Teboho Edkins et son père sont accueillis par une communauté dont les membres sont, malgré elleux, devenu.es gardiennes et gardiens de ce cimetière. « Cela revient dans mes cauchemars », dit une habitante. Sur place, il reste des débris, difficile désormais de savoir s’ils viennent de l’accident ou d’ailleurs. Une plaque commémorative est posée là, entourée de rien. Le film laisse une place au silence et au bruit du vent. La caméra scrute le sol en gros plans. Comment trouver la consolation ? Pas par les responsables de l’accident en tout cas : le manque de transparence de Boeing est pointé, dans un système cynique où l’humanité n’a guère de valeur et où l’argent est le seul langage. Pendant ce temps, une musique guillerette accompagne une publicité pour Boeing à la télévision.

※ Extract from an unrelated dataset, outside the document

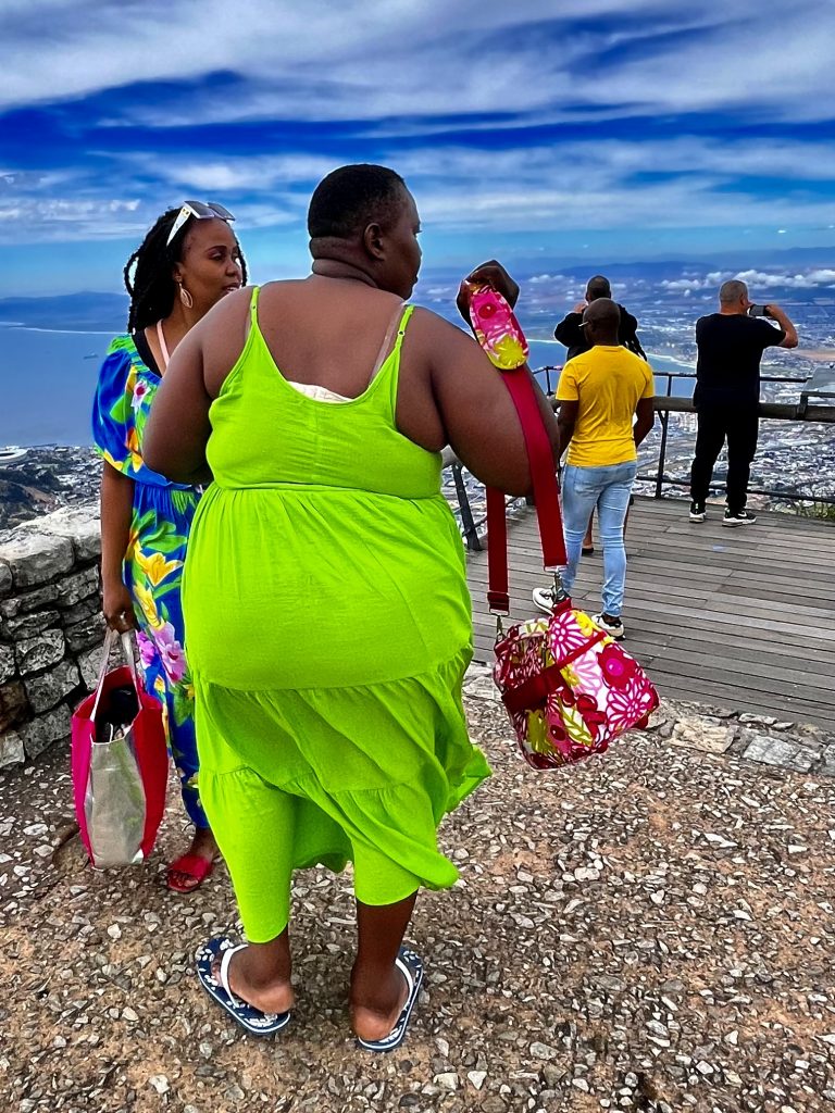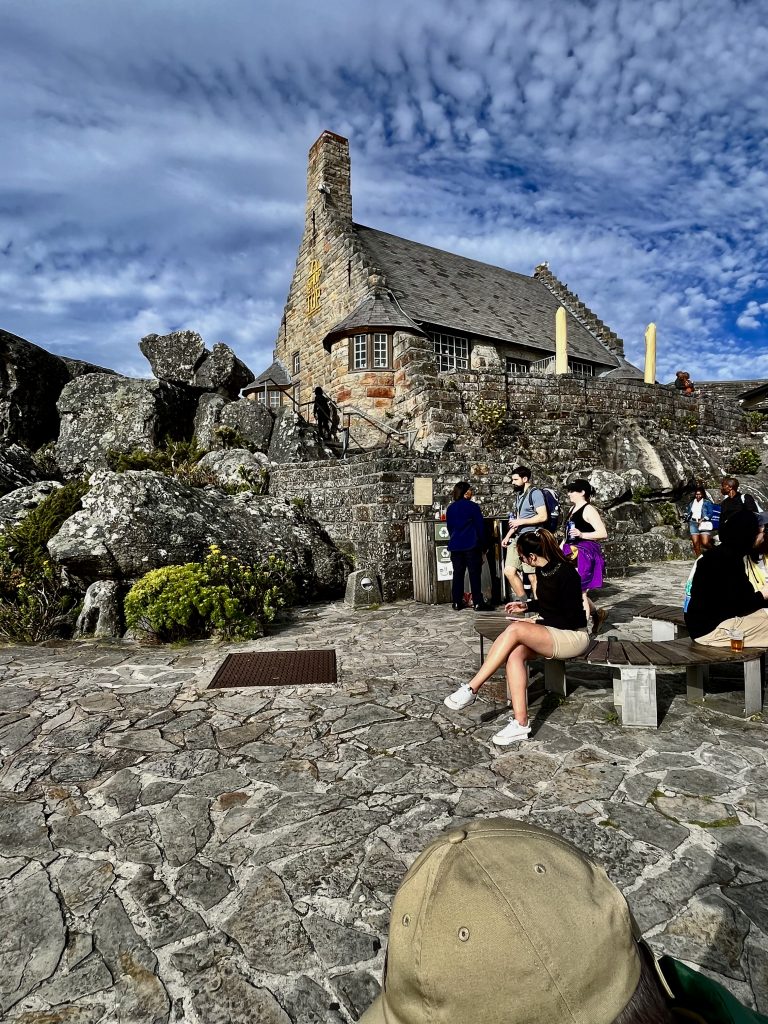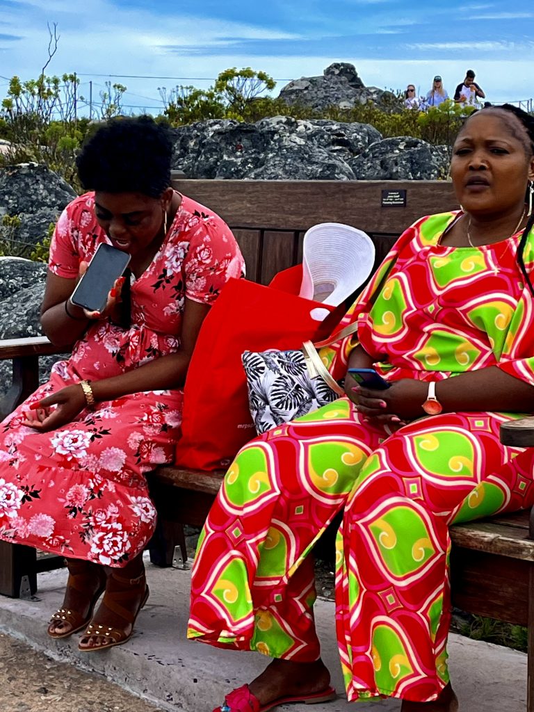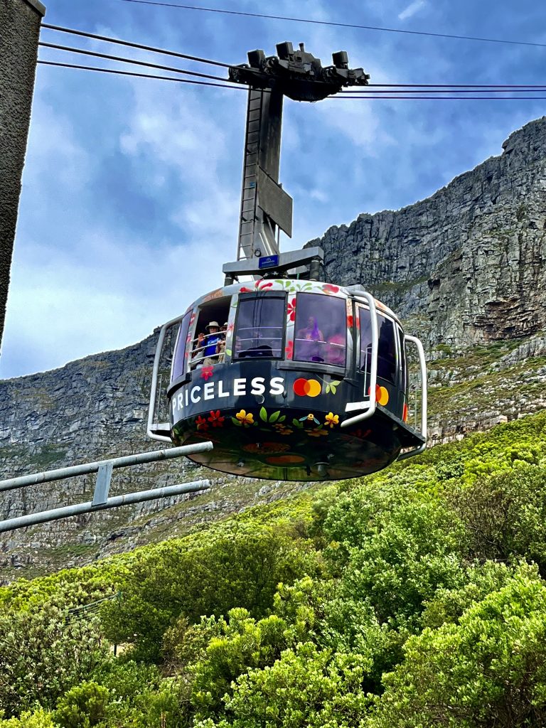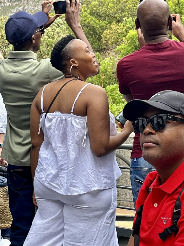 Wir hingegen gehen mal vor und wollen uns ein Uber Taxi rufen und zum Tafelberg fahren. Es ist bereits Mittag und die Essensdüfte ziehen in unsere Nasen. Ich glaube, wir haben Hunger. 🤤 Dann geht’s mal hoch ins Restaurant, an den Trommlern vorbei, neeee heute nicht, Leute! Heute muss mal wer anders mit euch mittrommeln… Heute höre ich mal nur von oben zu. Das sind ja brasilianische Klänge… 🙃

« Le destin a voulu que l’avion s’écrase dans une communauté qui comprend le deuil ». Comment, comme il est suggéré dans le film, accepter la volonté de Dieu si ces victimes ont été tuées, qu’on ne considère pas qu’il s’agisse d’un accident ? Au deuil des Edkings et des autres (dont on entend les diverses voix déclinant leur identité, originaires de plein d’endroits dans le monde et formant une mosaïque Zoom de tristesse) s’ajoute une douleur supplémentaire. Sans en faire un folklore, Teboho Edkins filme le possible caractère sacré du lieu où l’on meurt. Les photos des victimes, par la force des choses muettes, sont comme des fantômes, de jeunes fantômes pour la plupart. Teboho Edkins s’asseoit, enregistre les sons. Dans un poignant geste tendre, un habitant vient lui remettre sa capuche tandis qu’il commence à pleuvoir.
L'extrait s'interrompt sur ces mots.